● Goal of the exercise:
Using the material below, print a verbatim copy of every line from the one containing "NO 38/P | |||" through the one containing "Радіатори, які встановлюють, —", inclusive, and omit the pictures.

● Records for processing:
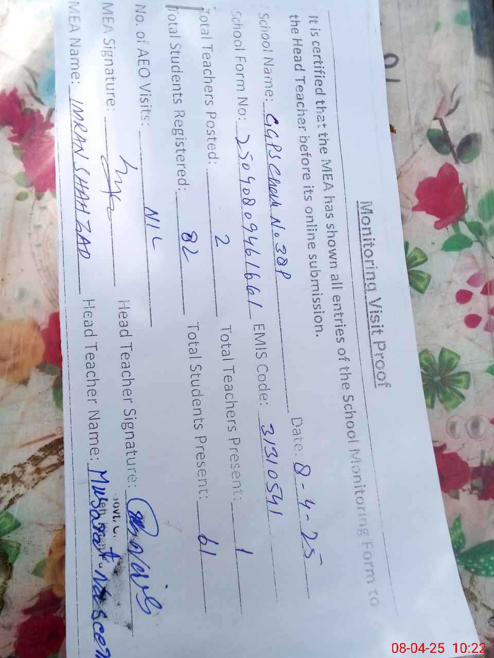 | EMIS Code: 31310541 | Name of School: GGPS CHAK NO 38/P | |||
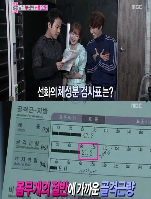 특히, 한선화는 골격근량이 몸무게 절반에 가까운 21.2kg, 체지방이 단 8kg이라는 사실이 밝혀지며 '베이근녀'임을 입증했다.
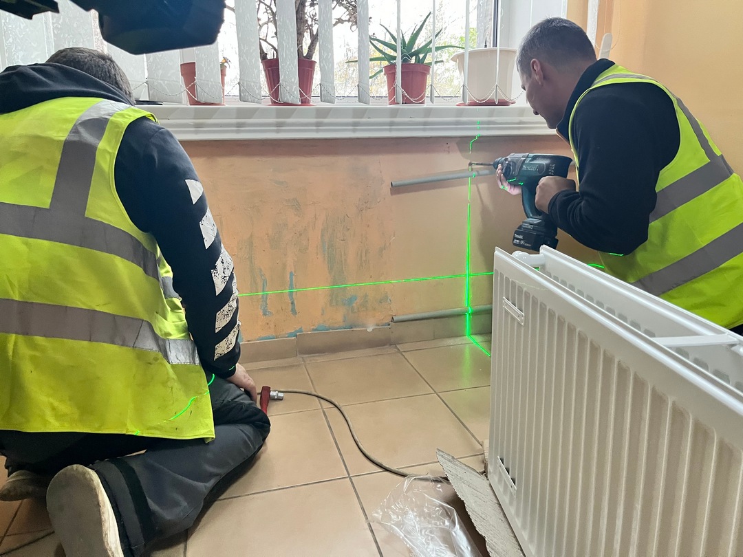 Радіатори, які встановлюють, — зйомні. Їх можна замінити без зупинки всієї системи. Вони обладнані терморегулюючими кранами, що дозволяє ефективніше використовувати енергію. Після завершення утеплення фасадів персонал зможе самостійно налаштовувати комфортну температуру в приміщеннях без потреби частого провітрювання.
* * *
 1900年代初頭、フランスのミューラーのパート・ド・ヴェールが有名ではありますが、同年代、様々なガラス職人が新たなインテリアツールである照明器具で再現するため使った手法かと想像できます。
---
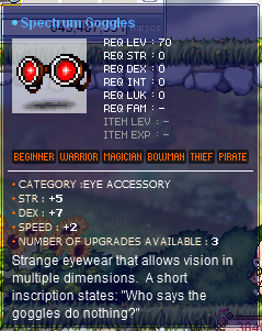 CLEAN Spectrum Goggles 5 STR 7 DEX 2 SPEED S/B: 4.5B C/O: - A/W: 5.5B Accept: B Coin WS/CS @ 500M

● Finished task:
 | EMIS Code: 31310541 | Name of School: GGPS CHAK NO 38/P | |||
 특히, 한선화는 골격근량이 몸무게 절반에 가까운 21.2kg, 체지방이 단 8kg이라는 사실이 밝혀지며 '베이근녀'임을 입증했다.
 Радіатори, які встановлюють, — зйомні. Їх можна замінити без зупинки всієї системи. Вони обладнані терморегулюючими кранами, що дозволяє ефективніше використовувати енергію. Після завершення утеплення фасадів персонал зможе самостійно налаштовувати комфортну температуру в приміщеннях без потреби частого провітрювання.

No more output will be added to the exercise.